Data for this exercise »
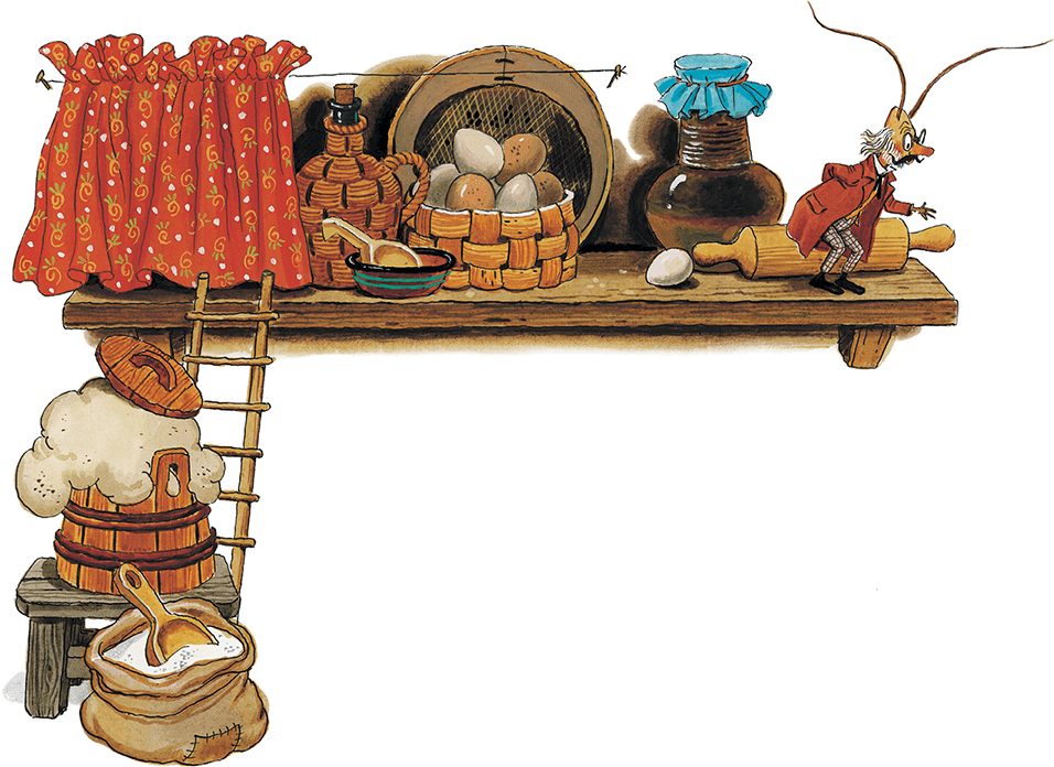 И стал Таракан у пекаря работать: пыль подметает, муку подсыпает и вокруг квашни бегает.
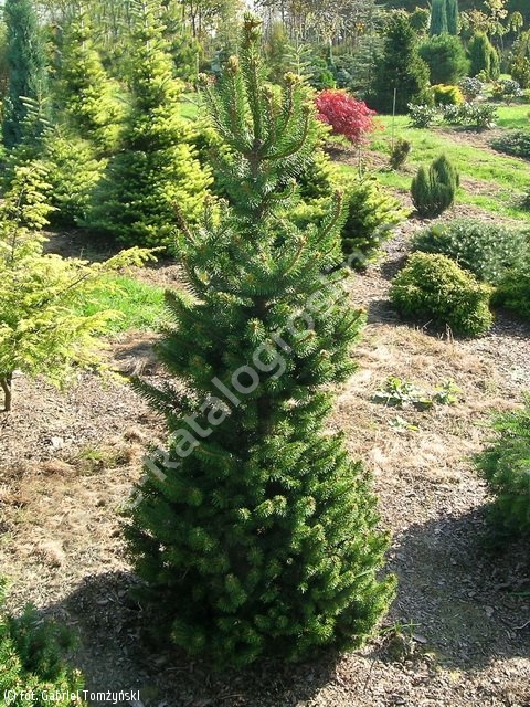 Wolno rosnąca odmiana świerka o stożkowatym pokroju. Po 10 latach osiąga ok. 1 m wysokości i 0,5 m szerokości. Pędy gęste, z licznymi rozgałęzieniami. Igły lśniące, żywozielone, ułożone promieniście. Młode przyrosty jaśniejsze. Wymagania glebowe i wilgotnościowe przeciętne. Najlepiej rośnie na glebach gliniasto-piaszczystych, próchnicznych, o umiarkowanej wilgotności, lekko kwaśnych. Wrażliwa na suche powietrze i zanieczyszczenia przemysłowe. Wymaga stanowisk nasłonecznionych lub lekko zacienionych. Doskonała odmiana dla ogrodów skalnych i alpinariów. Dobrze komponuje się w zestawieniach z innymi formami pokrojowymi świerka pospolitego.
==
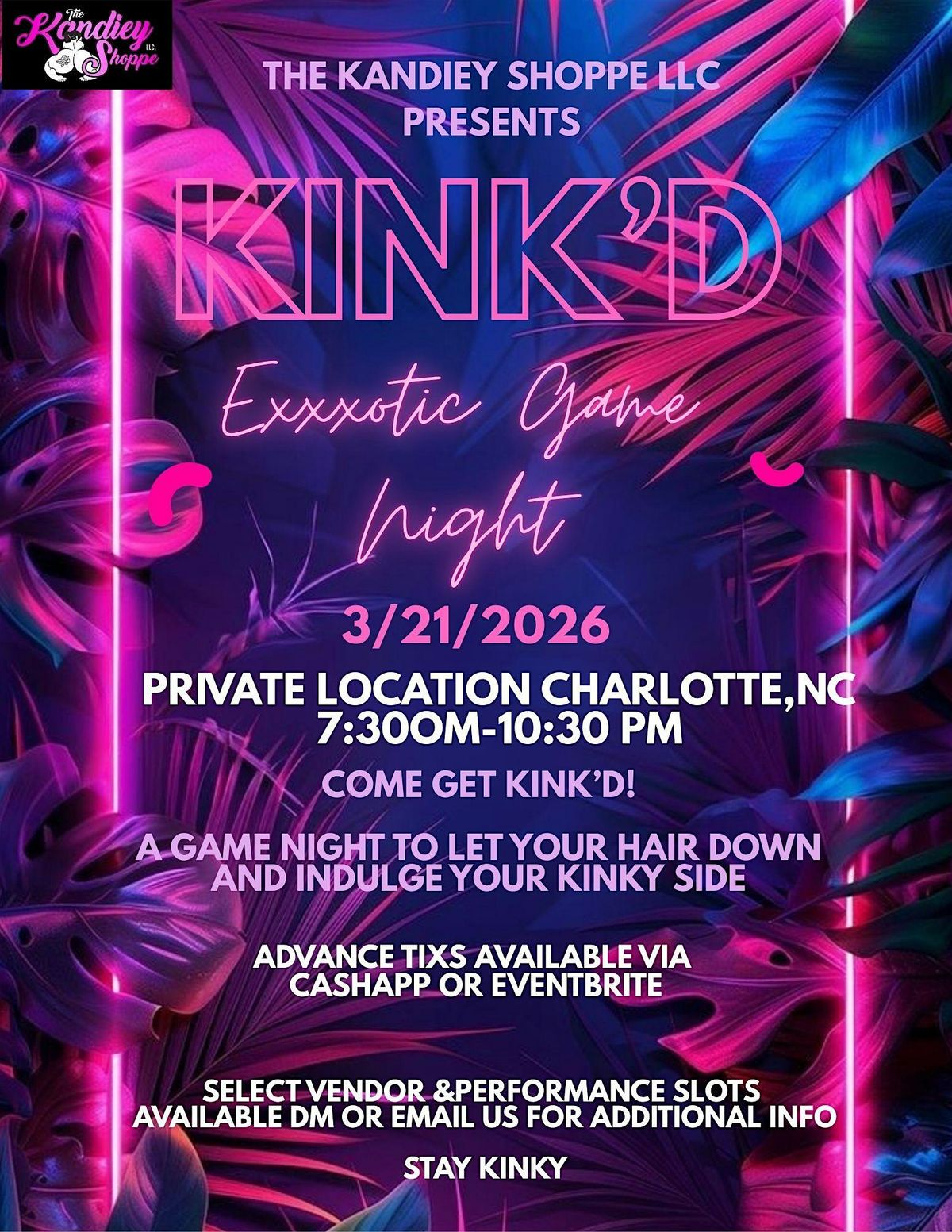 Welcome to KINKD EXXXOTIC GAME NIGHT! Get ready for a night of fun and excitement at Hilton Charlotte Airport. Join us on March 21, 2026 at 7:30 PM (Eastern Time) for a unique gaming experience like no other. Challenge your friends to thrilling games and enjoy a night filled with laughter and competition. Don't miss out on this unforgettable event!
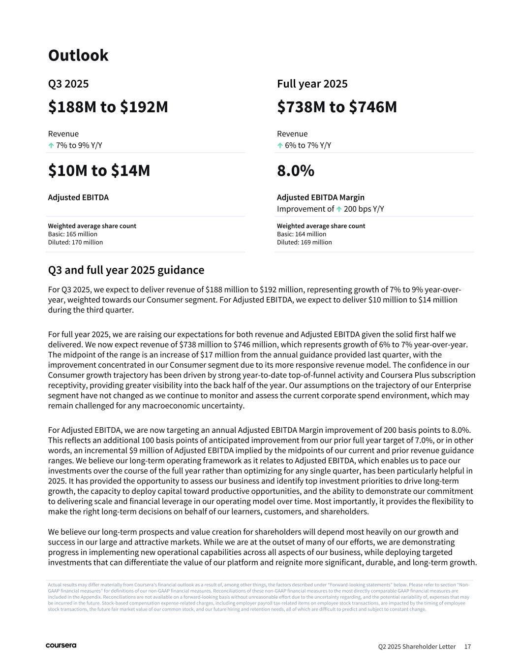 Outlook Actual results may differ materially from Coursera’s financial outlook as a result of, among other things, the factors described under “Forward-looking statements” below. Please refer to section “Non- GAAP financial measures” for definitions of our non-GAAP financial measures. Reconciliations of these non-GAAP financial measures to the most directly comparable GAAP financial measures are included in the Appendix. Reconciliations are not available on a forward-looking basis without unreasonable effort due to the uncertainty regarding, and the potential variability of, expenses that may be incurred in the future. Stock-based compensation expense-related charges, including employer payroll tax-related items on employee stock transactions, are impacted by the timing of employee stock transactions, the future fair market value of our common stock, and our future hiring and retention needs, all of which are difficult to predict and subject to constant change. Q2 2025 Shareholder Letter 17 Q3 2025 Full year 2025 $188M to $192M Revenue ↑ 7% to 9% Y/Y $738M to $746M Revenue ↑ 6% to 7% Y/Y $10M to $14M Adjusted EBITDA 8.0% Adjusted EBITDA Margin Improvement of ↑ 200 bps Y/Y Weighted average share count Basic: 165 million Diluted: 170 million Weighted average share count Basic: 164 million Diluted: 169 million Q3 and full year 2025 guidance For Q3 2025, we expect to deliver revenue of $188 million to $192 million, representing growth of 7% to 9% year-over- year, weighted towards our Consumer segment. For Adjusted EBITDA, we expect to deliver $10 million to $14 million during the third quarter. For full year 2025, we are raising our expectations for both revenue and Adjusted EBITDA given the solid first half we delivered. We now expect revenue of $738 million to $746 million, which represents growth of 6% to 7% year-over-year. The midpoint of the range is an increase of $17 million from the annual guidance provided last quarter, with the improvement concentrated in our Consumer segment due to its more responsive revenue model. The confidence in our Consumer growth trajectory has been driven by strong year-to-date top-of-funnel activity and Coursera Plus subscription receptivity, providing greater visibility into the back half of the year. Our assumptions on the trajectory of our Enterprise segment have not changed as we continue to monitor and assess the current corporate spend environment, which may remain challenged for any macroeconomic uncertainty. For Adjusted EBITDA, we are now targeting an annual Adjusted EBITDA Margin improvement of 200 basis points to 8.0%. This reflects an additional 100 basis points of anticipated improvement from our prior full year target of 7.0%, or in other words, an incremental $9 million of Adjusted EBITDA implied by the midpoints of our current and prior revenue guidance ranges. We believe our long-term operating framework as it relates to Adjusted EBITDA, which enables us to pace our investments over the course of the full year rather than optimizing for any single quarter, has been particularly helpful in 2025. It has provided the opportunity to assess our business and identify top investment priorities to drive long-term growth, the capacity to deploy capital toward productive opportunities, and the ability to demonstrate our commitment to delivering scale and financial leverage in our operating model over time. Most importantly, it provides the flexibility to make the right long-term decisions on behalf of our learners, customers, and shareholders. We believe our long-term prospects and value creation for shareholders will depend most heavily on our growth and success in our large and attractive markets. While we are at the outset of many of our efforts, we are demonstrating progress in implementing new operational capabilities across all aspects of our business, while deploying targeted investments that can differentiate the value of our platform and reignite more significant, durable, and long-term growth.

Task to carry out » Write out, word for word, the stretch of entries that begins at the line with "И стал Таракан" and ends at the line with "Wolno rosnąca odmiana". Pictures do not belong in it.

Answer to this exercise »
 И стал Таракан у пекаря работать: пыль подметает, муку подсыпает и вокруг квашни бегает.
 Wolno rosnąca odmiana świerka o stożkowatym pokroju. Po 10 latach osiąga ok. 1 m wysokości i 0,5 m szerokości. Pędy gęste, z licznymi rozgałęzieniami. Igły lśniące, żywozielone, ułożone promieniście. Młode przyrosty jaśniejsze. Wymagania glebowe i wilgotnościowe przeciętne. Najlepiej rośnie na glebach gliniasto-piaszczystych, próchnicznych, o umiarkowanej wilgotności, lekko kwaśnych. Wrażliwa na suche powietrze i zanieczyszczenia przemysłowe. Wymaga stanowisk nasłonecznionych lub lekko zacienionych. Doskonała odmiana dla ogrodów skalnych i alpinariów. Dobrze komponuje się w zestawieniach z innymi formami pokrojowymi świerka pospolitego.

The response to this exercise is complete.